After making all those purchases i owed my credit card company a lot of money. I paid the minimum i had to in order to avoid interest on the balance and decided that i could not allow myself to make any further purchases until my paychecks had gone to completely paying off the credit card. This meant i could no longer buy weekly food at the grocery store. I began living off the dry items in the pantry. Mostly rice and beans and one bag of oats. After a month i began to hunger for something different; flavor and texture wise. I missed fruit immensely. I missed crunchy things.

Every grasshopper looked like gold to me. Every wild onion flower spoke of buried treasure and i spent hours digging up chunks of grass all over the property with the shovel, trying to unearth these tiny morsels of sustenance.

I discovered both the bulb and the green part of the wild onion were edible.
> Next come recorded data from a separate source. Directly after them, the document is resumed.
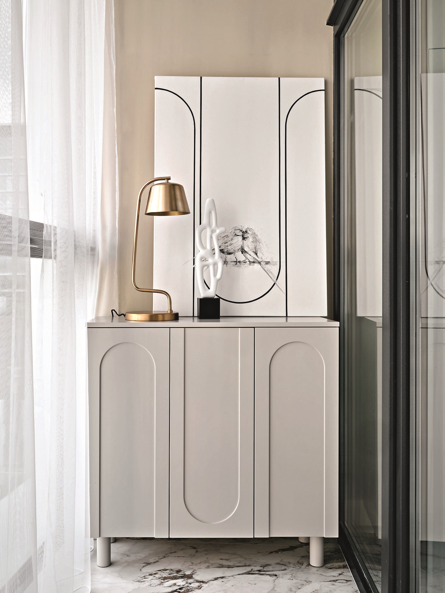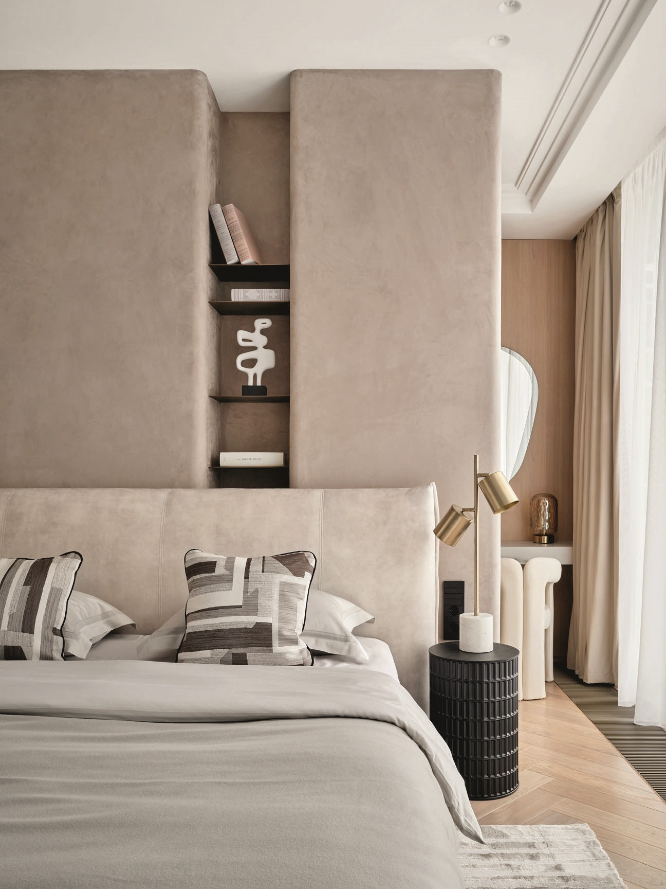 Сердце квартиры — гостиная, объединенная с кухней-столовой. Здесь могут комфортно разместиться все члены семьи и провести вечер за просмотром кино, играми или общением. Уюта этой зоне добавляет паровой камин Dimplex, размещенный в нише под ТВ-панелью. В каждой комнате есть свои интересные дизайн-решения и декор, который хочется разглядывать. «Один из членов семьи увлекается орнитологией. Мы решили отразить это в оформлении. Так в нашем проекте появились две картины с изображением птиц. Обе картины выполнены на заказ, рамы под них мы изготавливали сами. Они обшиты замшевым покрытием от Яны Светловой, которое также используется в интерьере главной спальни в отделке стены, за которой находится гардеробная», — отмечает Анастасия Кацева.
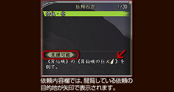 “中級者クエスト”の中には、依頼内容欄に「支援可能」と書かれたものがあります。これは上級者の皆さんや中級者クエストを進めている人が、その依頼を手伝えることを表しています。手強いクエストには皆で協力して挑んでみましょう。
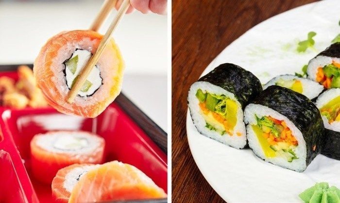 Минимальное количество калорий и легкий вкус сделали японское блюдо любимым среди современных девушек. На деле экзотическая закуска содержит большое количество белого крахмалистого риса, который «поставляет» в организм глюкозу. Некоторые рецепты содержат калорийные добавки, обжариваются в темпуре, что добавляет вредных веществ. Выбирайте роллы с овощами, нежирными сортами рыбы, не налегайте на соевый соус, чтобы впоследствии не бороться с целлюлитом.
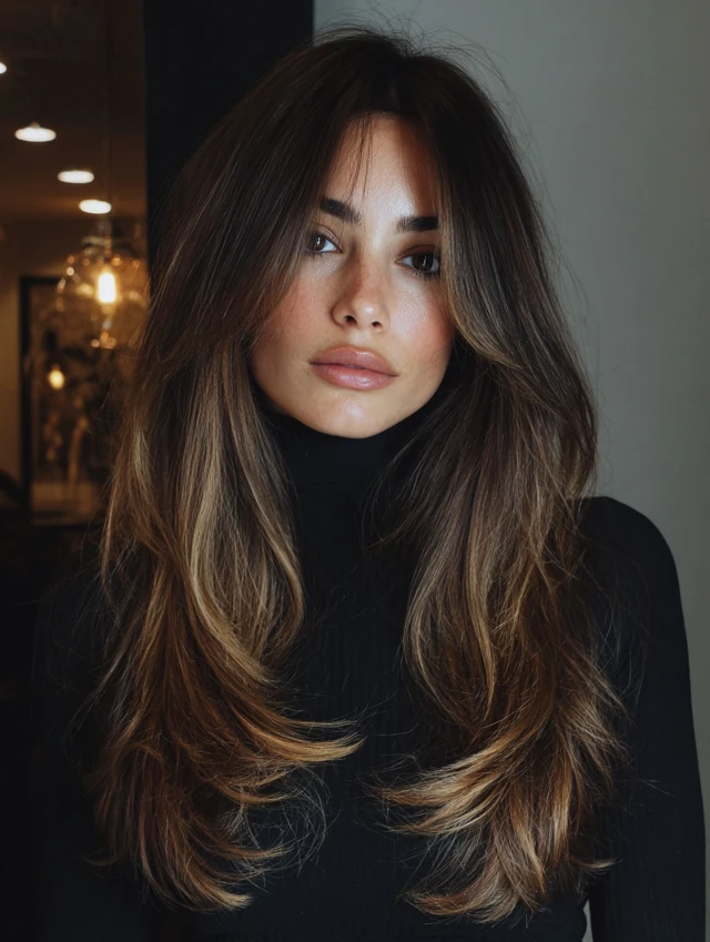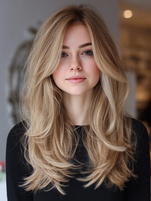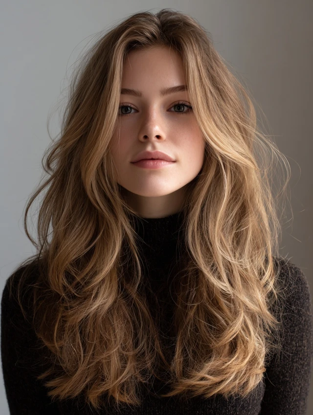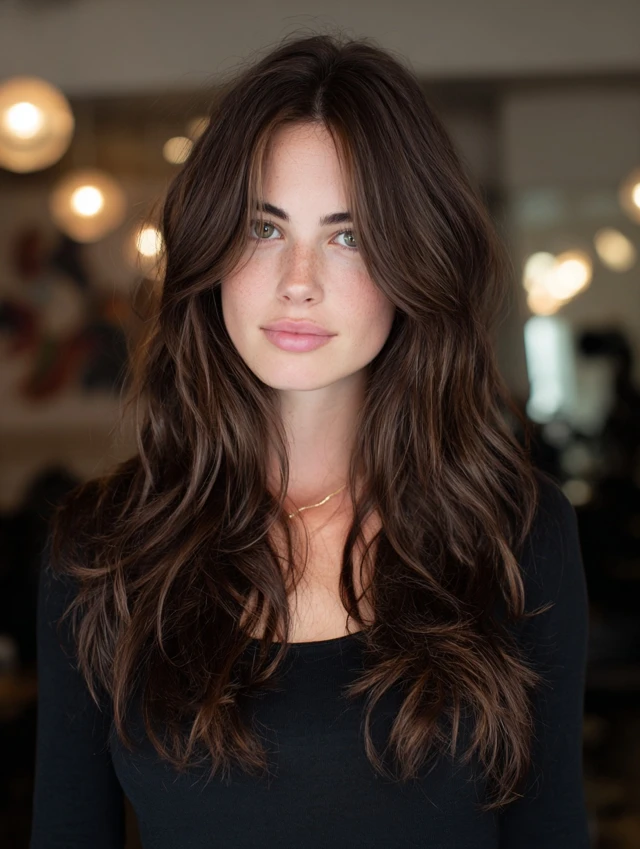 Long layered waves add movement and dimension while keeping the length intact. Layers around the face frame features and prevent hair from appearing flat or heavy. Soft waves add texture and volume naturally.
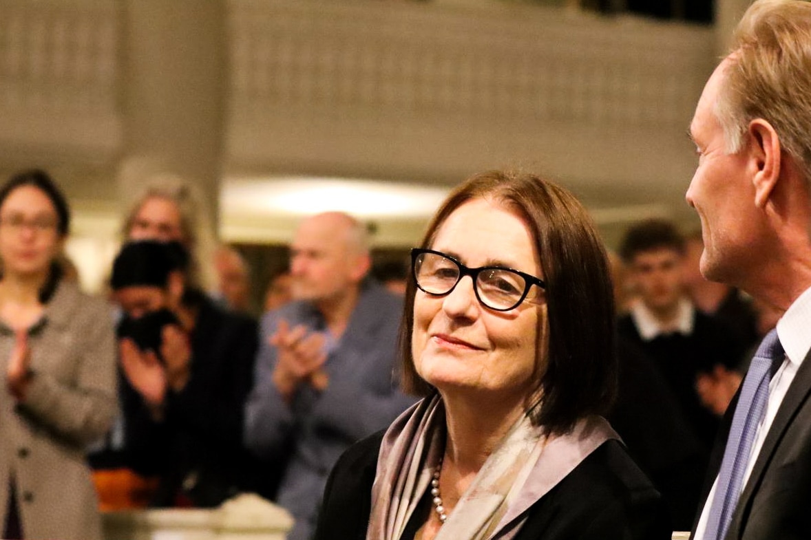 In der Nikolaikirche lauschten unter anderem Sachsens Ministerpräsident Michael Kretschmer, Leipzigs Oberbürgermeister Burkhard Jung und Ex-Bundespräsident Joachim Gauck der Rede Scherbakowas.
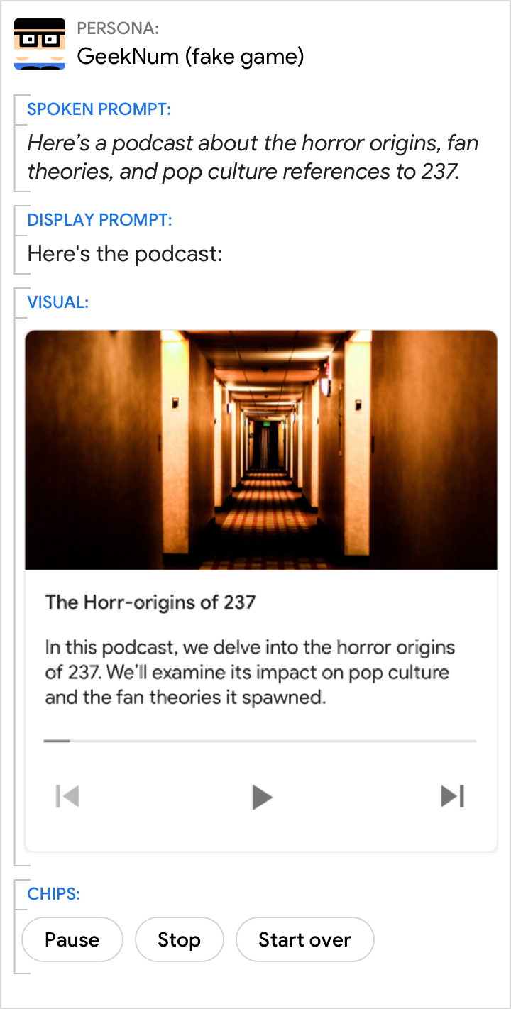 A resposta de mídia é usada para dar visibilidade a uma faixa de áudio. Por exemplo, nome, duração, imagem opcional associada e controle de reprodução/pausa da faixa. Este cartão é usado para apresentar ao usuário uma única parte de áudio.
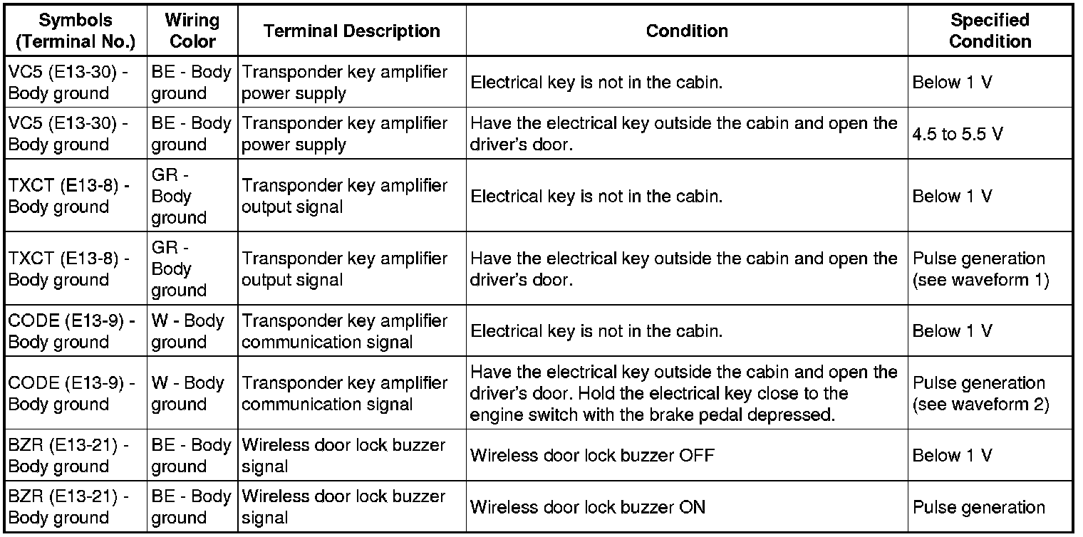 (c) If the result is not as specified, the wire harness side may have a malfunction.
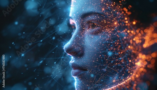 Cybernetic Harmony, Explore the fusion of organic and cybernetic features in an abstract digital human face, AI GENERATIVE
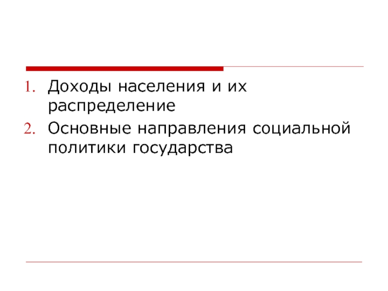 Доходы населения и их распределениеОсновные направления социальной политики государства
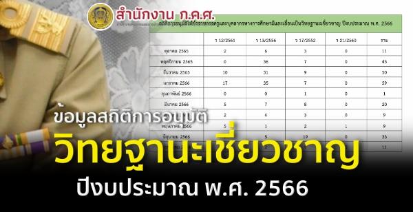ก.ค.ศ.เผยข้อมูลสถิติการอนุมัติให้ข้าราชการครูและบุคลากรทางการศึกษามีและเลื่อนเป็นวิทยฐานะเชี่ยวชาญ ปีงบประมาณ พ.ศ. 2566
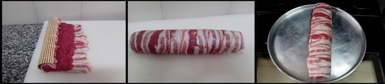 Sobre essa cama de bacon, disponha a carne moída temperada e abra-a deixando aparecer cerca de 2 cm de bacon para fechar e arrematar.

I separated them into my apron pockets as i dug and put them into baggies upon returning to the house.

One night i found two little russet potatoes i had put in the refrigerator door when they had started sprouting and i sought to stop the process. I had forgotten about them. I hurriedly grabbed my baggies of foraged wild onions and stalks. There would be real food, real sautéed food for supper that night. The kitchen would make something other than mashed lentils and rice gruel. Something to chew!

Around this time my cherry tomatoes on the potted porch plant began to ripen. Each one was a life sustaining morsel of goodness to me. Something to taste. Something to provide nutrition.

I took nothing for granted at this time. I saw the value in every tomato, every onion, every insect i was able to capture and i thanked God for giving me the opportunity to eat.

Every evening i would spend a little time foraging for bugs and wild edibles. I was reminded of my childhood when we had unearthed the tiny wild onions to use as food for our troll dolls and placed them into the little plastic chests we took with them on their migrations. In every play story we enacted the troll dolls were fleeing to escape some kind of persecution and they took only their children and the food chests with them. They would cross rivers and climb mountains in order to finally start a life anew in the back yard where there was warm weather, plenty of sunshine, and the barbies and polly pockets were tolerant of each others’ differences.